# WHAT YOU NEED TO DO
Leave out the pictures and set down exactly the lines from the start of the listing through the one with "Plenty of stories", both included.

# DATASET EXTRACT
+ + +

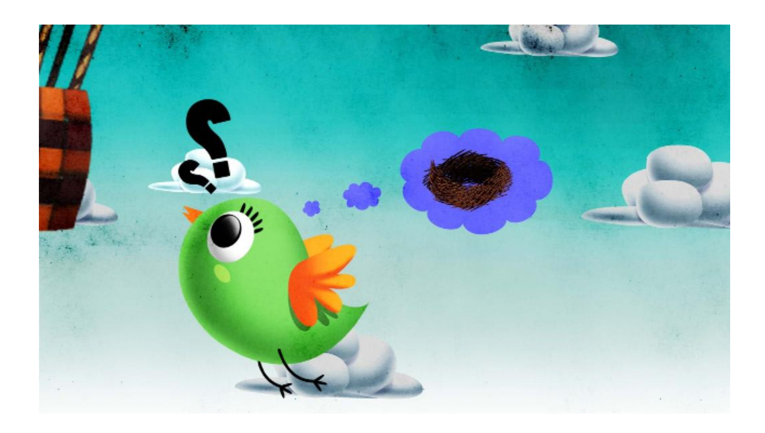
He guessed, "Perhaps a nest? No, no, no..."
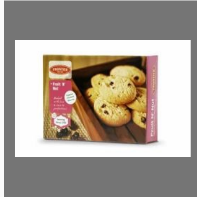
Fruit And Nut Cookie Pack
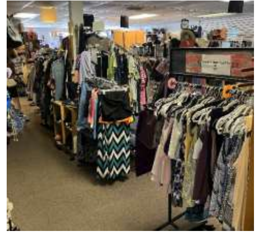
Thrift Store fully stocked
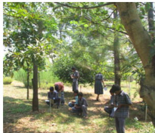
Students at the medicinal plants garden
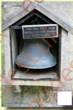
The Bell from Appuldurcombe Priory
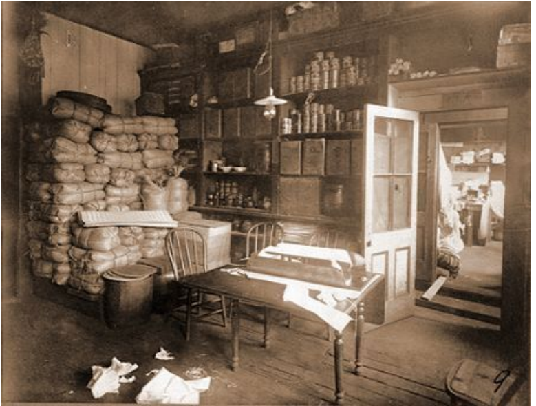
Figure 10 - Back Of A Store In Chinatown, 1880. American Police Has Always Had Close And Ambiguous Liasons With The Triad. An Exclusive Control Was Exercised Not Only On Opium And Spices, But Also On Labourers And Commodities (Both Official And Illegal) That Were Imported At Very Low Cost. It Obviously Affected The Economy, Which Collapsed Soon After. Entrepreneurs, Especially Those Who Dealt Whith Railroads That Received Huge Government Subsidies, Were

Gotta-Behave. But that is another story and shall be told another time.
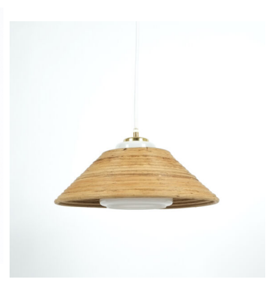
Doria Rattan Opal Glass Pendant Lamp NOS, 1960
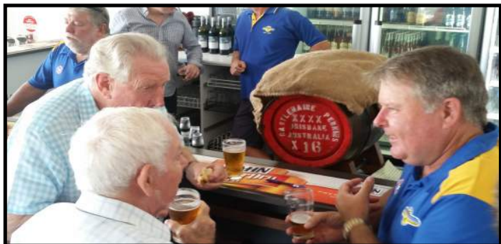
Plenty of stories at the old boys Function in May

A special thanks to the guidance and leadership of those who have served the club in previous years.
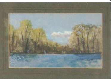
Lot # 291
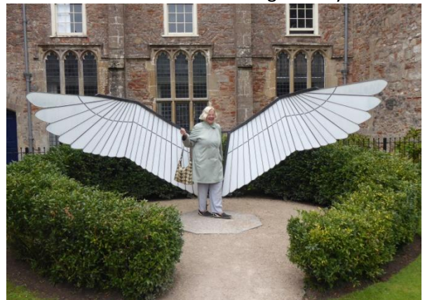
Modern sculpture in the Bishop's gardens.
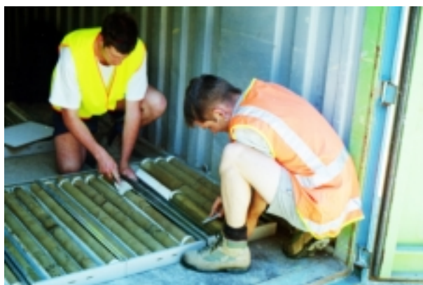
Geologists inspecting drill cores from site investigations
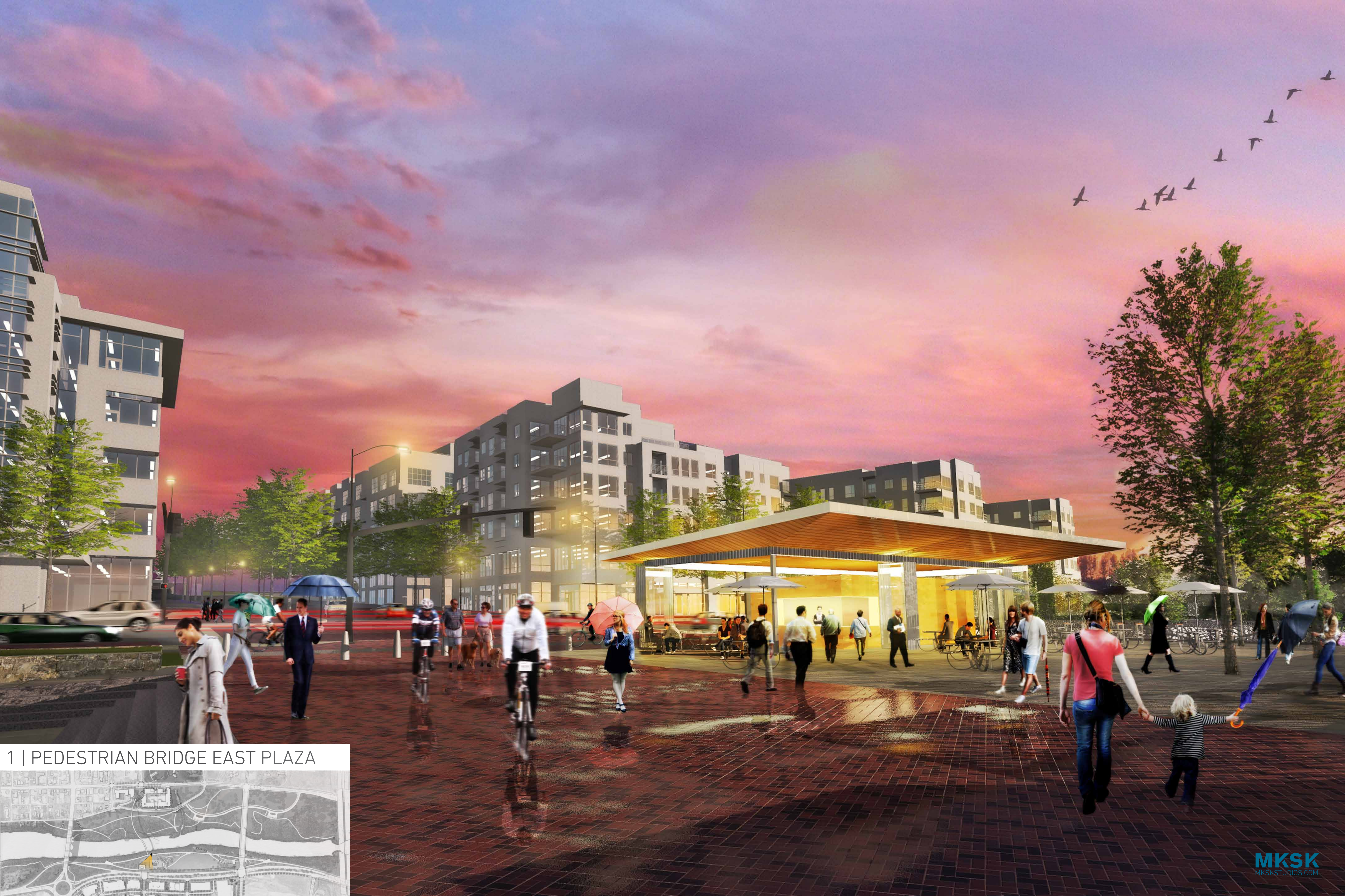
1 | PEDESTRIAN BRIDGE EAST PLAZA
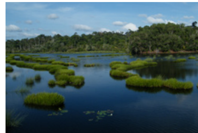
An aerial view of a part of the famous water village locally known as Kampung Ayer (top); Proboscis Monkey, only found in Borneo Island, easily sighted along Brunei River (middle); Tasek Merimbun Heritage Park is one of ASEAN'S national heritage parks (bottom)
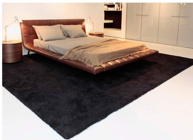
Poliform Showroom New York

Showrooms in MILAN • NEW YORK • STOCKHOLM • GOTHENBURG
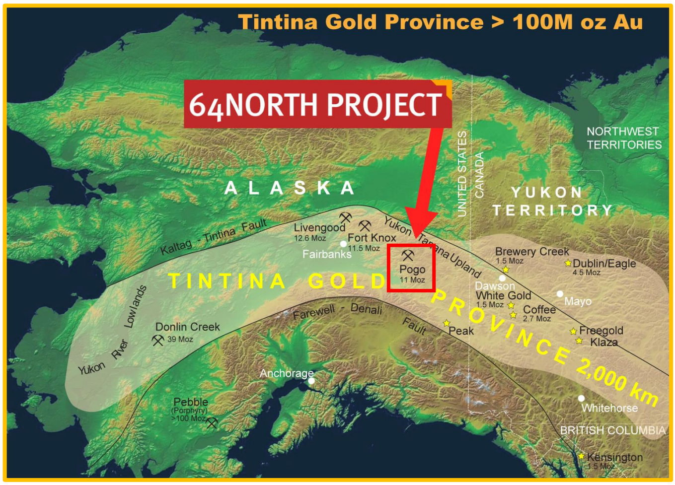
Figure 3 Deposit sizes stated as Endowment (Resources & Reserves + Historic Production) *sourced from Company websites

"The 64North Project is Resolution's flagship project which contains a pipeline of prospects each of which is in reality a project in its own right, namely West Pogo Block/Aurora Prospect, East Pogo Block and the E1 Prospect."
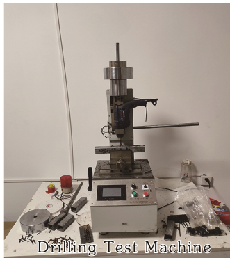
Drilling Test Machine
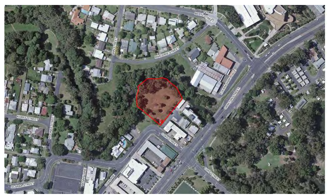
Figure 5.4.6: Aerial image Baden Powell Park reserve R87486
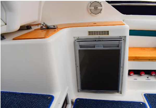
Cockpit Bar & Fridge
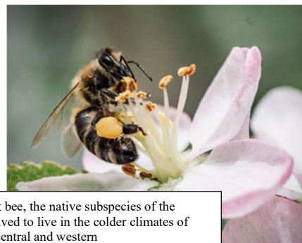
The European dark bee, the native subspecies of the honeybee, has evolved to live in the colder climates of parts of northern, central and western Europe.

The difference between farming dark bees and hybrid, or cross-bred, honeybees is like looking after a Scottish highland cow versus an intensive dairy cow, says Hubert Guerriat, a Belgian beekeeper and biologist who has been working with dark bees for 40 years and has been pivotal in driving the species’ return. “They are not the same animal.” Nature is like a high-precision watch. You can’t swap in one bee for another. Pollinators are not interchangeable
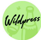
Wildpress Orchards 126 miles from OHP
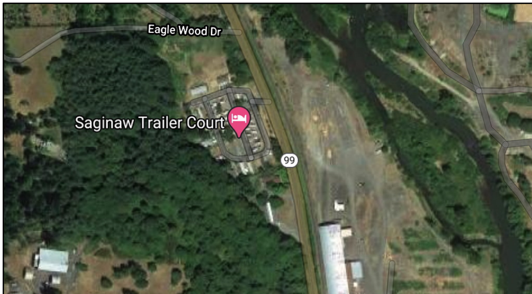
Saginaw Trail Court on Highway 99

Here is a daytime photo of this section of highway:
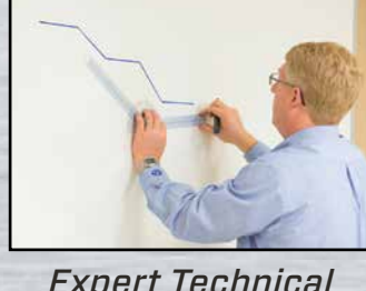
Expert Technical Training
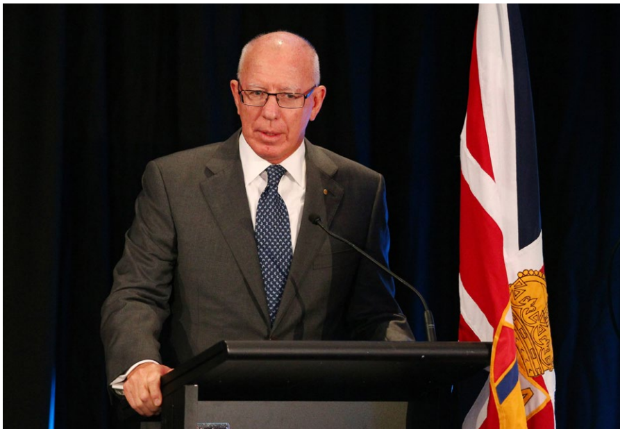
The Hon David Hurley, previously National Patron of the National Boer War Memorial Association, now Governor of NSW.
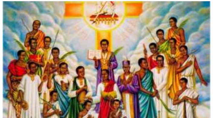
Martyrs of Uganda

Faith. In a few years the Gospel had spread rapidly. Christianity had deeply touched the Hearts of the People, particularly young people attracted by the person and message of Jesus. To stop Christian Conversions, Kings and Religious Authorities of the place began to harshly persecute the
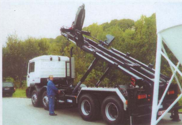
COMBILIFT for NORMANN BOCK silos and 2-pocket-silos
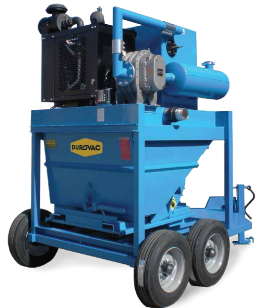
A PowerLift® industrial vacuum system solves large cleaning problems. Here's a 73 Hp diesel with a 2.5 yd 3 hopper.

Let us help you select a durable industrial vacuum that just keeps on working.
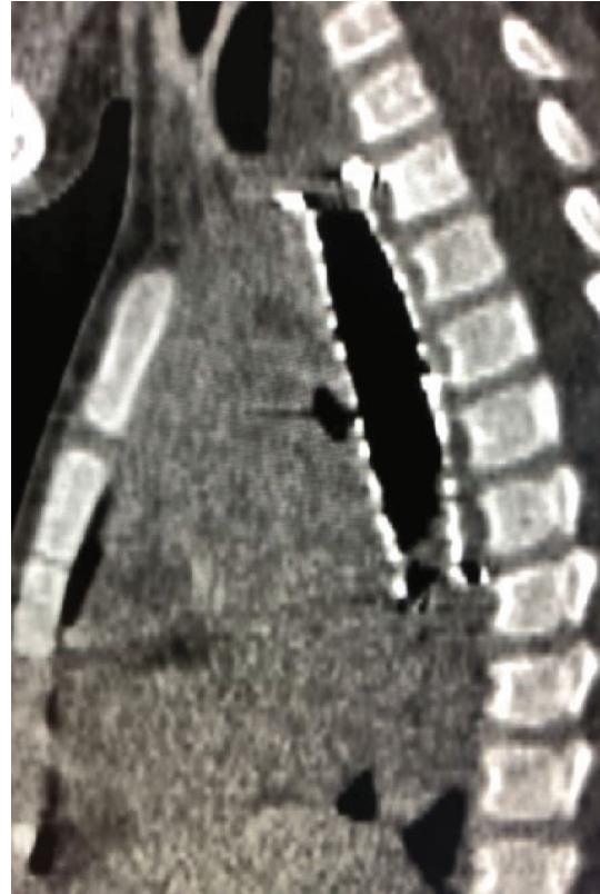
FIGURE 3: A SEMS under the esophageal stricture line.

The presence of various stent designs, each with different characteristics, has increased their use. Although the most common indication for esophageal stents is palliation of malignant dysphagia in adults [1], nowadays they are used for a wide variety of esophageal diseases, even in children [2]. Recalcitrant benign esophageal strictures due to corrosive ingestion is the most common indication for esophageal stents in children [2]. They are also used successfully in the
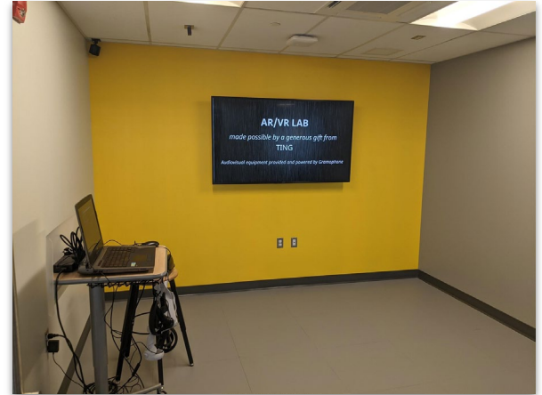
Ting Sponsored AR/VR Lab at Exploration Commons
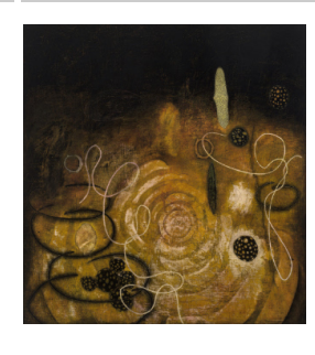
Title: Growth #2
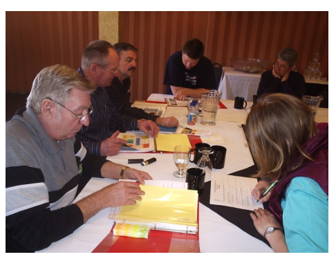
Directors retreat & governance workshop in Grande Prairie in Apr, 2011
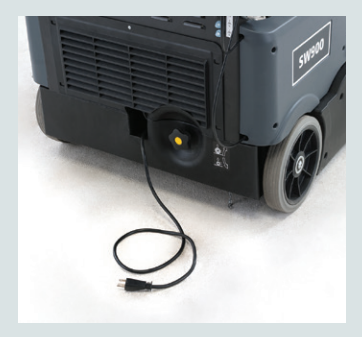
An onboard charger provides the convenience of charging anywhere a power outlet is available.
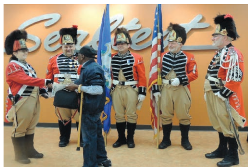
Veteran greets Connecticut Color Guard at last year's Wartime Service Medal Ceremony

The Commissioner of Veterans' Affairs in conjunction with the Adjutant General awards a ribbon and medal to each veteran who served in time of war who either was a resident of this state at the time he or she was called to active duty for such service, or lives in Connecticut on the date of such award.
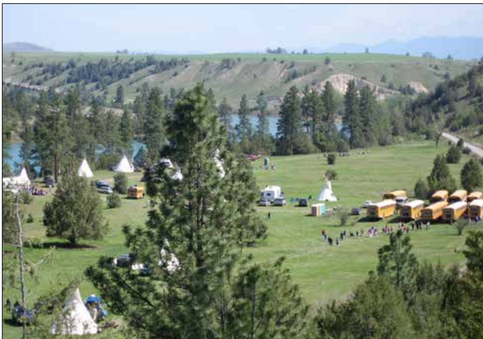
Site of the annual River Honoring, a 2-day outdoor environmental education event coordinated by the Confederated Salish and Kootenai Tribes for over 30 years. The event is geared towards the approximately 1,000 4th and 5th graders attending schools on the Flathead Reservation.

The CREWS project will involve Native American researchers and students through other avenues, such as seed funding opportunities for researchers and students at other Montana Tribal Colleges. CREWS will support Native American graduate students pursuing STEM degrees, as well as programs providing STEM opportunities to Native American undergraduate and high school students. Partners for these programs include UM's Indigenous Research and STEM Education (IRSE) and MSU's American Indian Research Opportunities (AIRO).
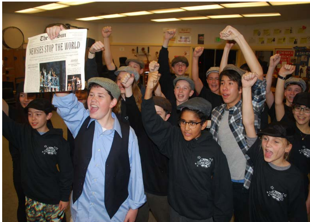
Extra! Extra! Read All About it! Borel Middle School presents Newsies!

Now is the time to seize the day with Borel Drama's production of Disney's Newsies! A two-time Tony Award-winning show, Newsies has audiences calling it "a musical worth singing about!" ( The
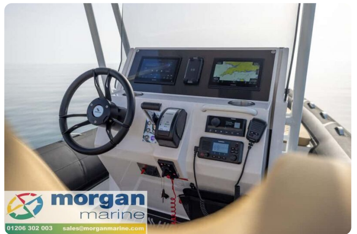
Highfield Sport 800 aluminium RIB - helm position with engine controls and electronics
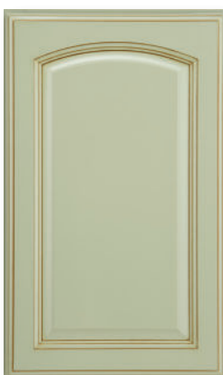
CULLEN Available in: Cherry, Maple, Knotty Alder, Hickory Door Style: Raised panel Fillmore door used on base cabinets Overlay: Full
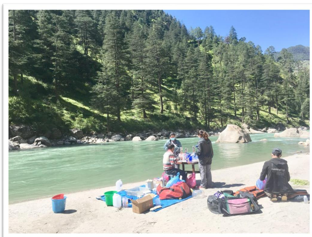
Members of the study team processing eDNA samples.
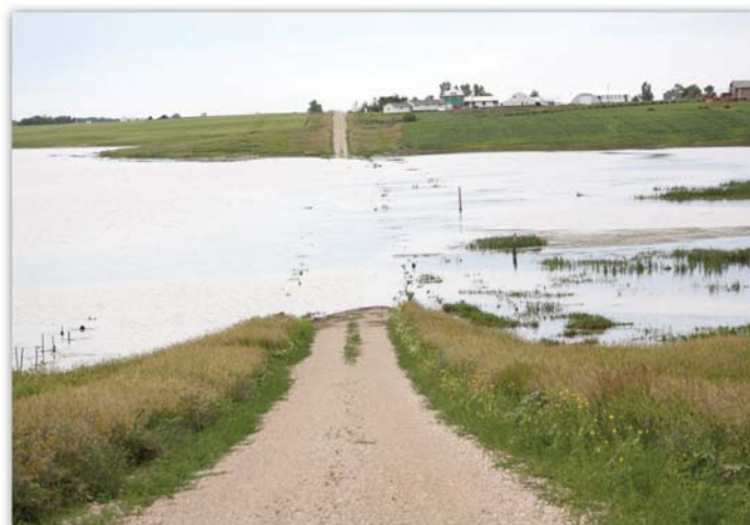
The road under water to the west ranch Lazy J Bar Ranch New Year's Eve Extravaganza
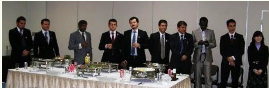
At the closing party
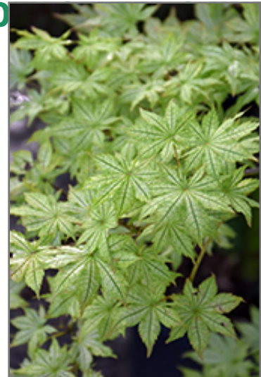
Shigitatsu Sawa Japanese Maple foliage

Shigitatsu Sawa Japanese Maple will grow to be about 8 feet tall at maturity, with a spread of 8 feet. It tends to be a little leggy, with a typical clearance of 2 feet from the ground, and is suitable for planting under power lines. It grows at a slow rate, and under ideal conditions can be expected to live for 50 years or more.
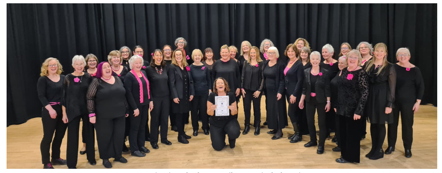
Fascinating Rhythm at Nailsea Festival of Music

+ + +

# EXERCISE RESPONSE
He guessed, "Perhaps a nest? No, no, no..."
Fruit And Nut Cookie Pack
Thrift Store fully stocked
Students at the medicinal plants garden
The Bell from Appuldurcombe Priory
Figure 10 - Back Of A Store In Chinatown, 1880. American Police Has Always Had Close And Ambiguous Liasons With The Triad. An Exclusive Control Was Exercised Not Only On Opium And Spices, But Also On Labourers And Commodities (Both Official And Illegal) That Were Imported At Very Low Cost. It Obviously Affected The Economy, Which Collapsed Soon After. Entrepreneurs, Especially Those Who Dealt Whith Railroads That Received Huge Government Subsidies, Were

Gotta-Behave. But that is another story and shall be told another time.
Doria Rattan Opal Glass Pendant Lamp NOS, 1960
Plenty of stories at the old boys Function in May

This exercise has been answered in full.